When Bela Lugosi starred in 1931’s Dracula, he wasn’t just considered a horrifying monster, but a handsome sex symbol. That was Lugosi’s thing. He was the Eastern European Valentino, but older, and creepier. When Lugosi played Count Dracula — first on stage, and later in a series of films (which you can hear all about on the podcast You Must Remember This) — he became something of a hot commodity. And Bela Lugosi wasn’t just a sex symbol, but one of old Hollywood’s biggest players. His most notorious love affair was with the very first “It girl” Clara Bow. After they split, he kept a massive nude portrait of her hung up in his house — just so everyone could see. (It’s a high class mack move that makes the exploits of Leonardo DiCaprio’s “pussy posse” seem lame in my opinion.)

But does Bela Lugosi’s personal brand of sex appeal still have a place in 2018? As Decider’s resistant lady horndog, I thought, “I don’t know.
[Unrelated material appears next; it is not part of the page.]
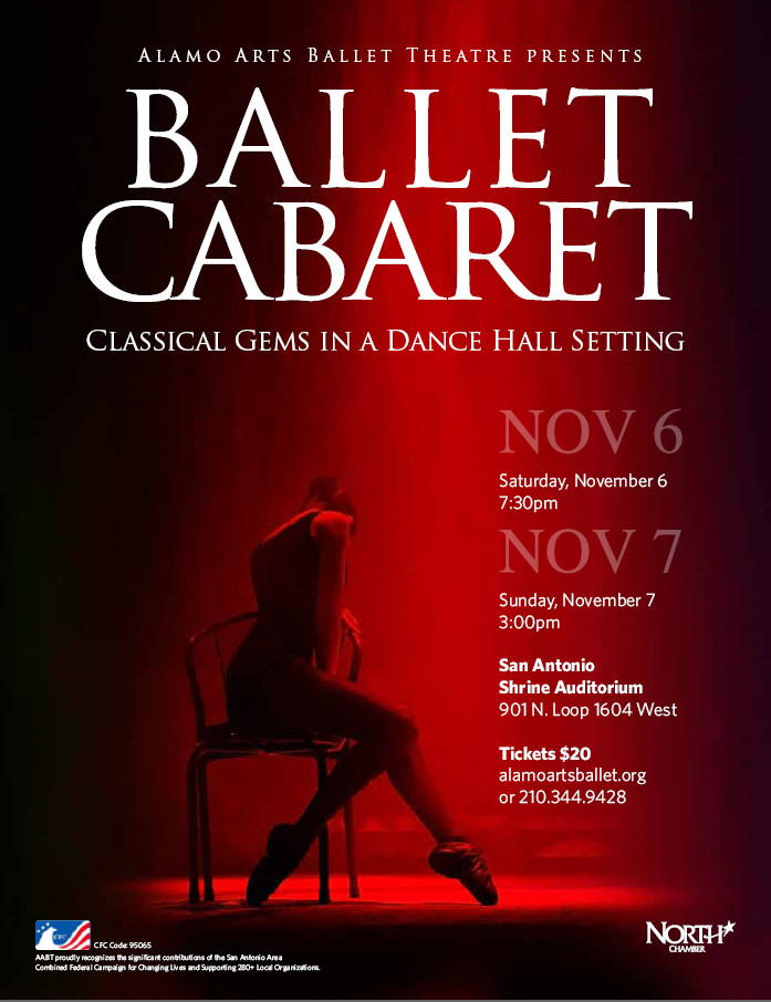 Alamo Arts Ballet Theatre presented Ballet Cabaret in the Fall of 2010. The performance included Pas de Quatre from the mid 1800’s; Shostakovich’s rarely heard Jazz Suite, from 1938, music by composer Leroy Anderson as well as choreography to music from the World War II era. The program included movie music ranging from Charlie Chaplain films, to Avatar. In addition, there were guest artists from Angel Santiago’s ballroom company who performed cutting edge tango pieces.
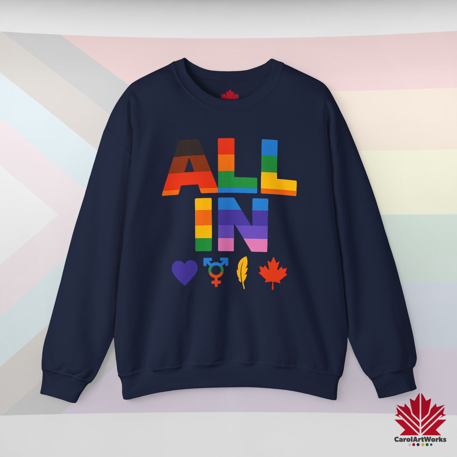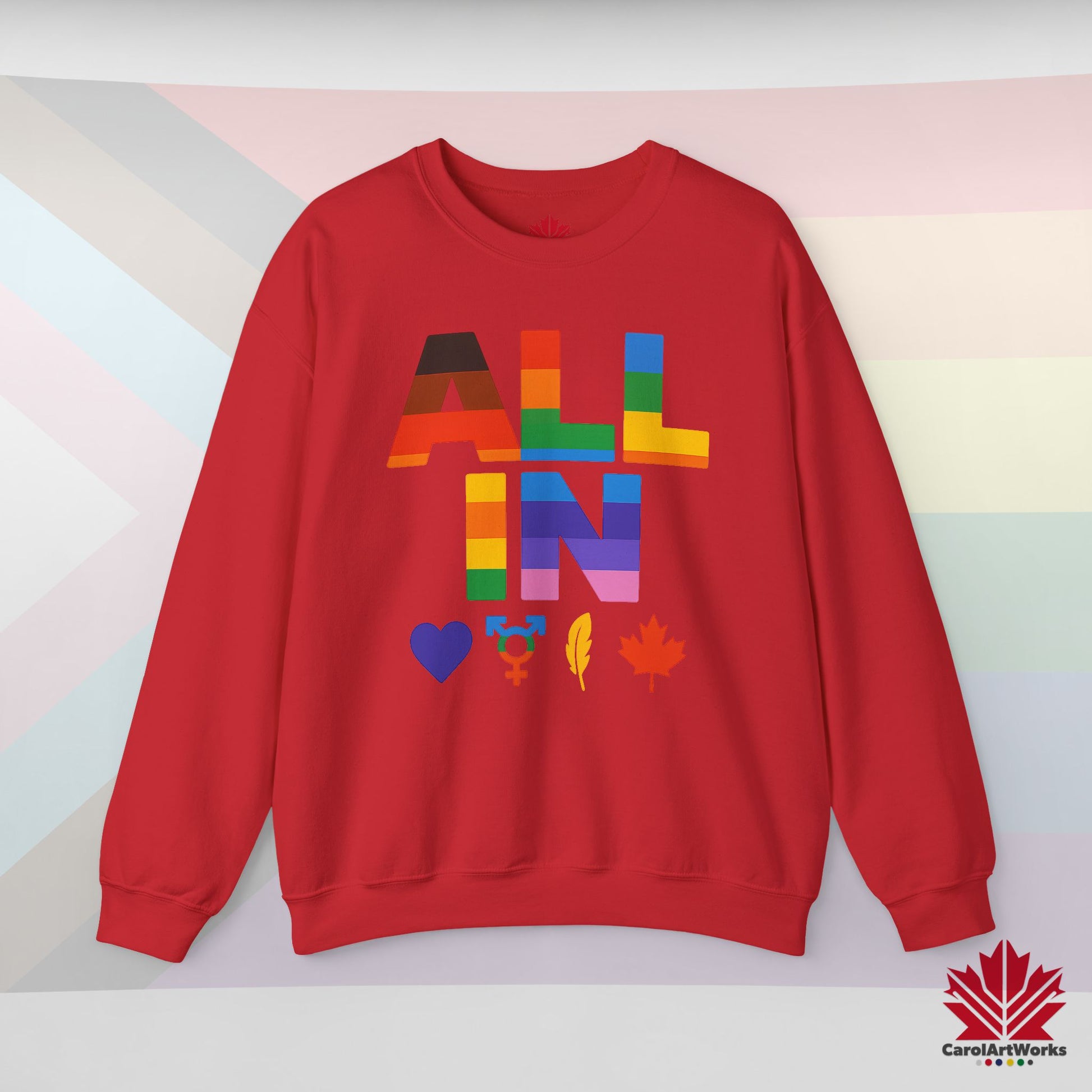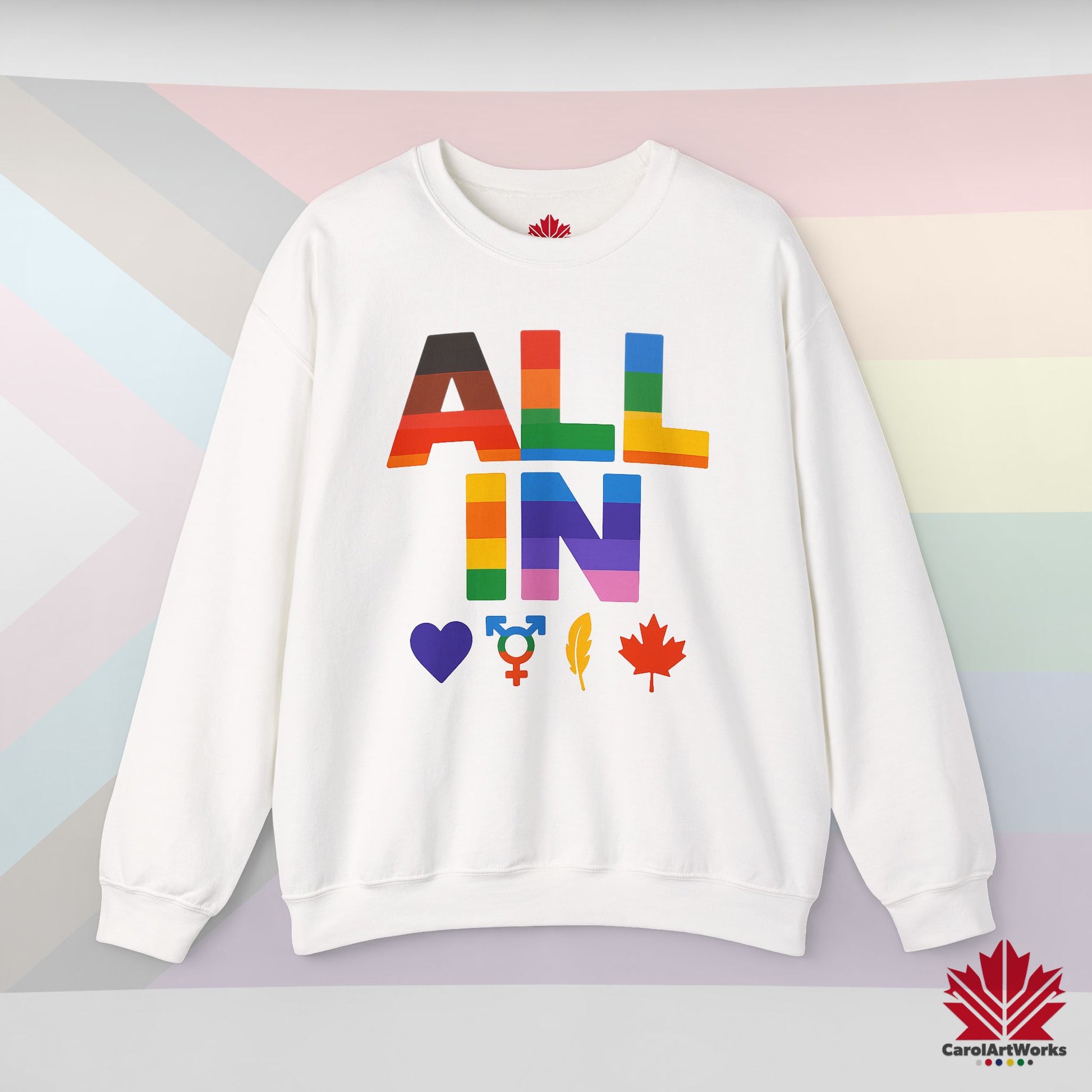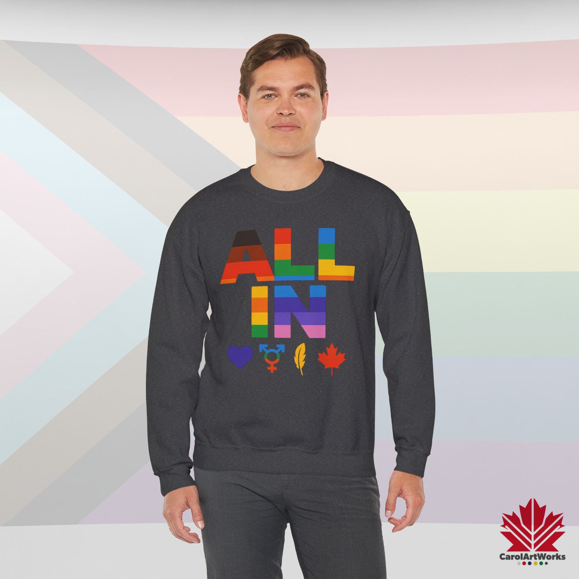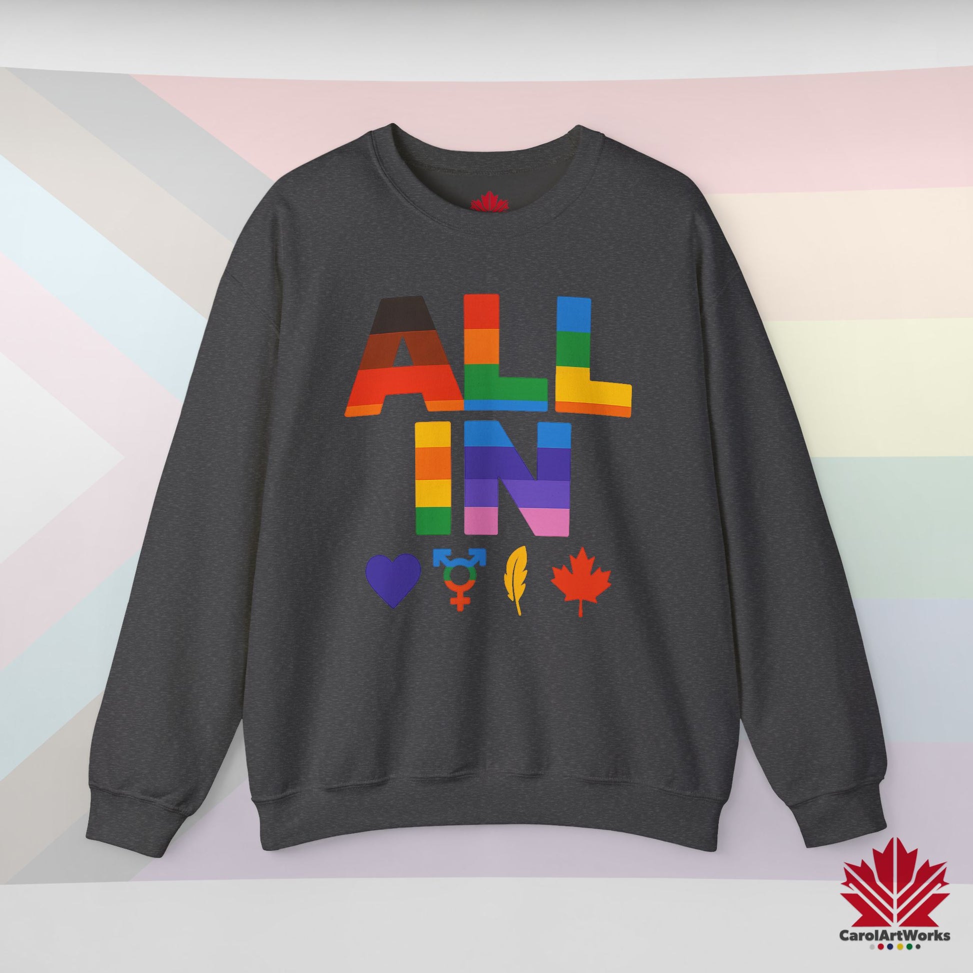 ALL IN Heart. Voice. Pride. - Pride Toronto Crewneck Sweatshirt – Unisex Fit – Cozy & Bold

Let me watch the original 1931 Dracula and find out.”

Bela Lugosi as Dracula


While he’s not my type, I can sort of see why so many ladies lost their bloomers for Bela back in the day. As Dracula, Lugosi’s eyes are absolutely mesmerizing, and his cape game is on point. There’s a menace in his body language and absolute lust in his gaze. It’s not that he’s handsome so much as he’s commanding. There’s a domineering charisma that I can see some people falling for. But would Bela Lugosi in 1931 be considered People Magazine‘s Sexiest Man Alive material in 2018? I’m…not sure.
My main issue with Lugosi was that he seemed…uh…a little old? I suppose he looks great for being undead, but I was not surprised to discover that he was 49-years-old when this movie came out. I got a distinct “middle-aged man” vibe from Lugosi, and not in a silver fox Roger Sterling kind of way. I mean this guy should maybe be more interested in dusting the spider-webs in his castle than preying on young virgins. Or, I don’t know, maybe Dracula could get a hobby like home brewing. In my mind, that’s what hot 49-year-olds do; They take responsibility for themselves. They don’t go on all-night raves with sex slaves. So that was my big barrier for “Bela-mania” entry. He just struck me as a decaying man child, and that’s not hot.

Dracula attacking Renfield


That said, the hottest part of this movie — in 2018 terms — is the surprisingly kinky and homoerotic relationship between Count Dracula and Dwight Frye’s Renfield. The Dracula myth usually centers on the vampire’s relationships with Mina Harker or Van Helsing, but the 1931 film’s most potent through-line is the explicit master/submissive arrangement that evolves between Dracula and Renfield. Their meeting sets the plot in motion, and Dracula only crosses paths with Mina, Lucy, et al when he tries to free Renfield from a London sanatorium. Renfield pines for his “master” and declares himself his “slave.” He’s often shown on his knees before Dracula, and it’s worth noting that the film blacks out just before the vampire initially descends on Renfield’s body. So, the subtext is there. Dracula may have been shot in black and white, but its sexual politics are on the spectrum — and that, my friends, is very 2018.

So Bela Lugosi could swing it in our modern times, but he’d be a much different kind of sex symbol than he was at the dawn of the Great Depression.